══ Supplied data

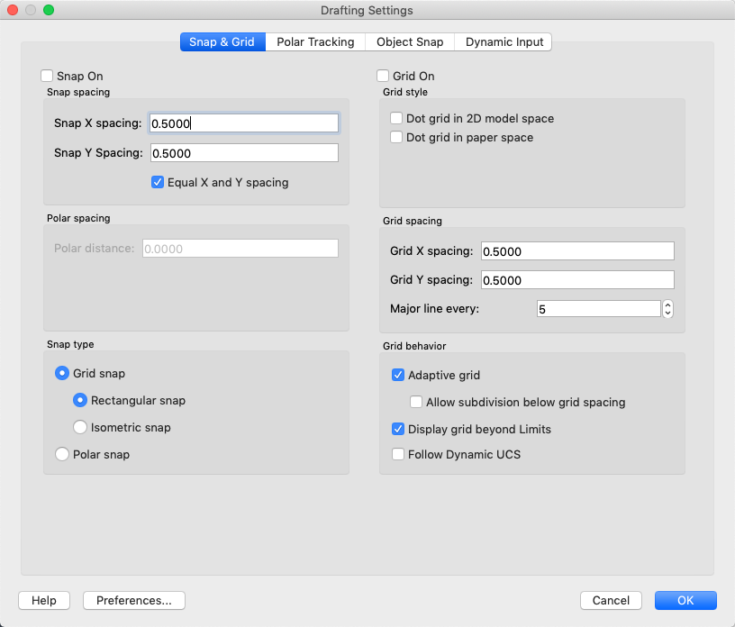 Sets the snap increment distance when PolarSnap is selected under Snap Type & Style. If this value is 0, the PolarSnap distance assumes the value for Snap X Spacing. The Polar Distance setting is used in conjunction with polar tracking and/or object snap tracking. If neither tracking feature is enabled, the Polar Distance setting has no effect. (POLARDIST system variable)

════
══ Supplied data

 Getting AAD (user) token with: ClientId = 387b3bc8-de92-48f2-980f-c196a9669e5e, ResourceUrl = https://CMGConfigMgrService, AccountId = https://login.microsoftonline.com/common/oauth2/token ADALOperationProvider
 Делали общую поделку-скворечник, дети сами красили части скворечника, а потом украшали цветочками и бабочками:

════
══ Supplied data

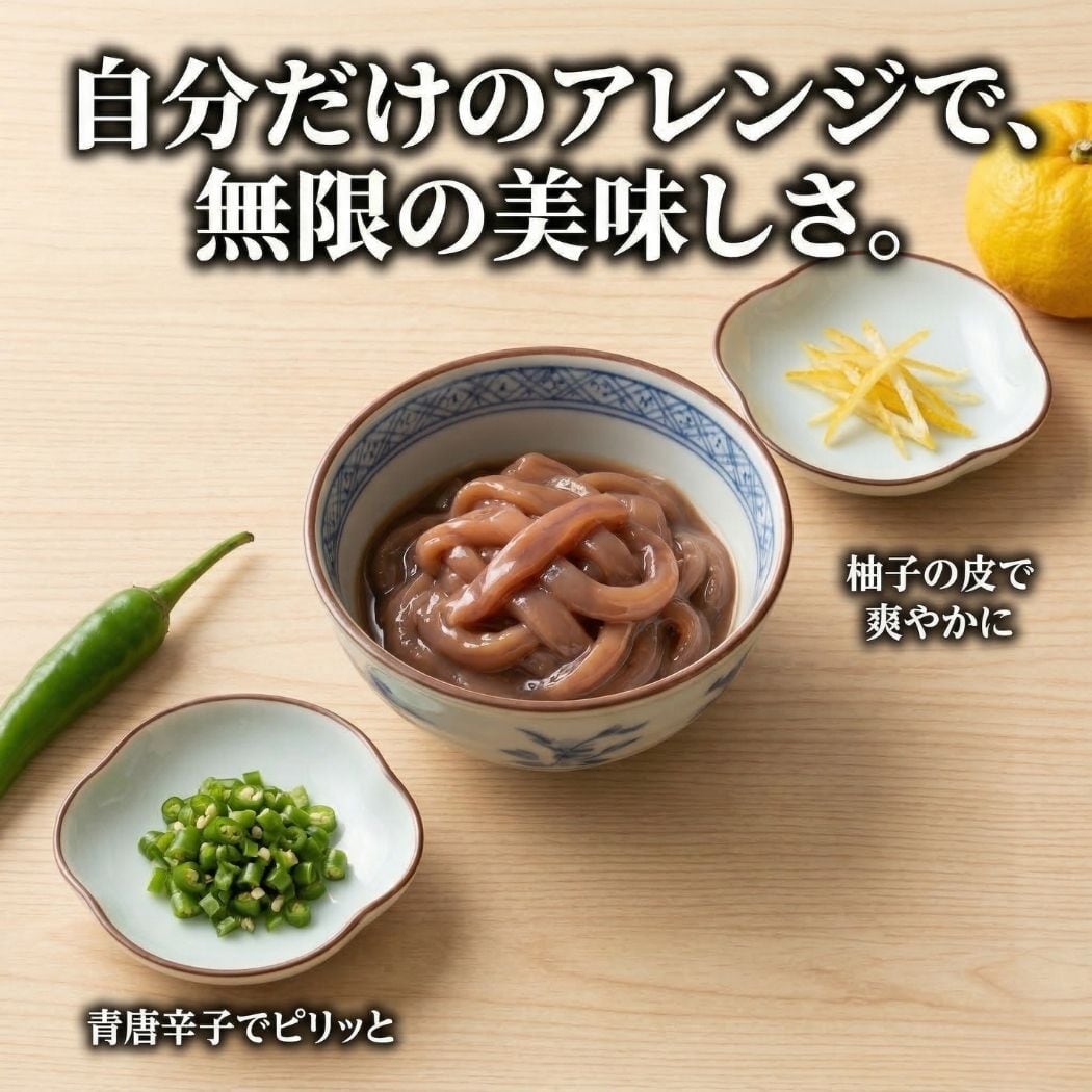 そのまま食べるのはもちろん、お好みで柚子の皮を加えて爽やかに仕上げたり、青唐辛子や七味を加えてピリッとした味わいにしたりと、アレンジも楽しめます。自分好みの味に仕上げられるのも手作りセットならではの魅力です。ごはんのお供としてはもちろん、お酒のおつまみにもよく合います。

════

• _Problem requirements_
In the material above, transcribe exactly the lines beginning at the one with "Getting AAD (user)" and ending at the one with "Делали общую поделку-скворечник, дети", both included.

• _Response to the exercise_
 Getting AAD (user) token with: ClientId = 387b3bc8-de92-48f2-980f-c196a9669e5e, ResourceUrl = https://CMGConfigMgrService, AccountId = https://login.microsoftonline.com/common/oauth2/token ADALOperationProvider
 Делали общую поделку-скворечник, дети сами красили части скворечника, а потом украшали цветочками и бабочками:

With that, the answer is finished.